Give the listing again exactly, skipping any pictures it holds.

> **Data**:
━━━━━━━━━━

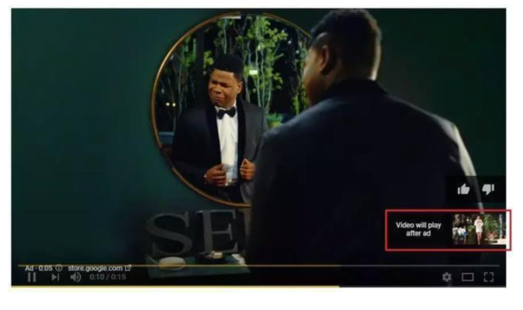 此类YouTube视频广告会在主片视频播放前、期间或之后显示,长度为15。这类视频广告展示收费,但是如果广告未播放,观看者就已耐心不足切换到其他视频了,那么本次广告观看就不会向企业主收费。
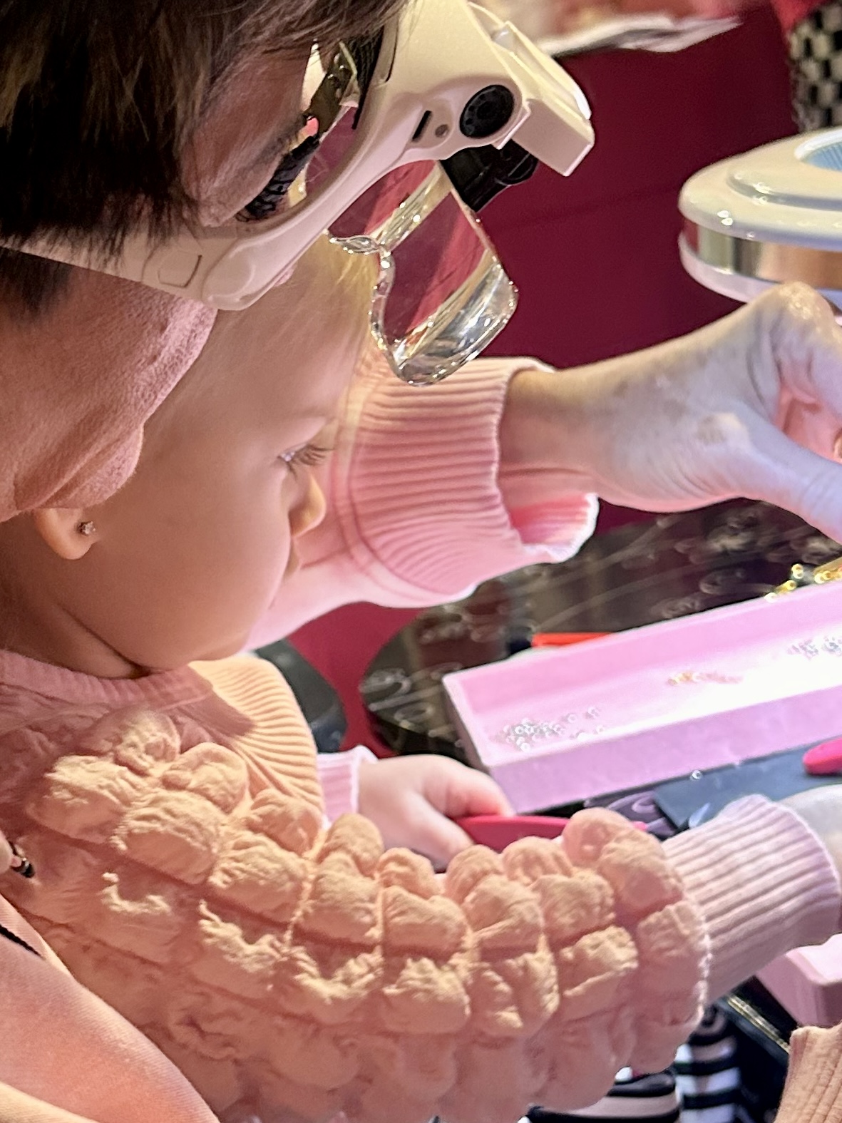 I practiced welding on family and friends for a couple of weeks before hosting my “grand opening” at Sweet Darlin. It was a huge success, though stressful at the time! Since then, Rebbekah and I have attended vendor events, hosted parties, and collaborated with employers gifting jewelry to their teams. Our relationship has grown stronger through the business, and we’ve loved meeting new people and traveling to new places.
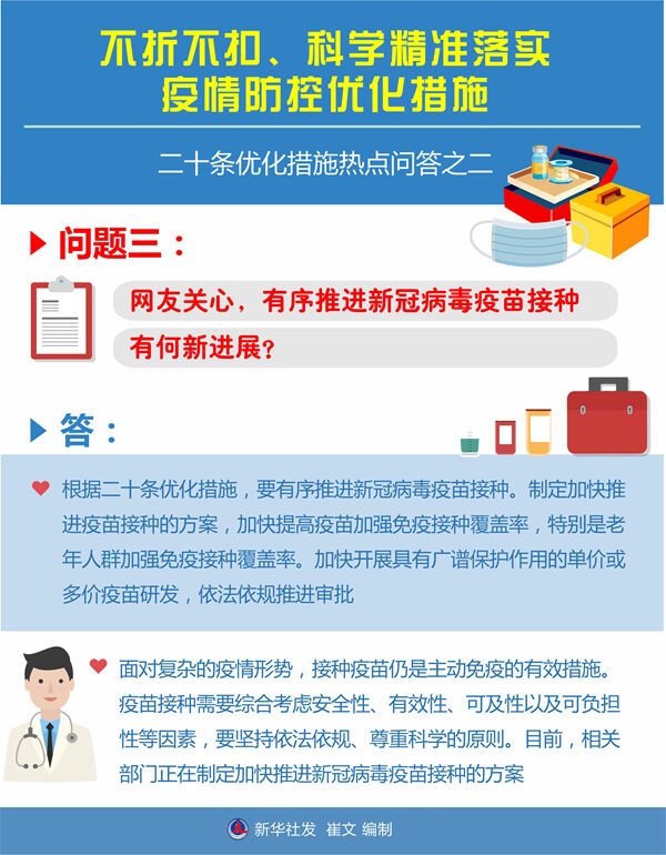 答:根据二十条优化措施,要有序推进新冠病毒疫苗接种。制定加快推进疫苗接种的方案,加快提高疫苗加强免疫接种覆盖率,特别是老年人群加强免疫接种覆盖率。加快开展具有广谱保护作用的单价或多价疫苗研发,依法依规推进审批。

━━━━━━━━━━

> **Reply to the exercise**:
 此类YouTube视频广告会在主片视频播放前、期间或之后显示,长度为15。这类视频广告展示收费,但是如果广告未播放,观看者就已耐心不足切换到其他视频了,那么本次广告观看就不会向企业主收费。
 I practiced welding on family and friends for a couple of weeks before hosting my “grand opening” at Sweet Darlin. It was a huge success, though stressful at the time! Since then, Rebbekah and I have attended vendor events, hosted parties, and collaborated with employers gifting jewelry to their teams. Our relationship has grown stronger through the business, and we’ve loved meeting new people and traveling to new places.
 答:根据二十条优化措施,要有序推进新冠病毒疫苗接种。制定加快推进疫苗接种的方案,加快提高疫苗加强免疫接种覆盖率,特别是老年人群加强免疫接种覆盖率。加快开展具有广谱保护作用的单价或多价疫苗研发,依法依规推进审批。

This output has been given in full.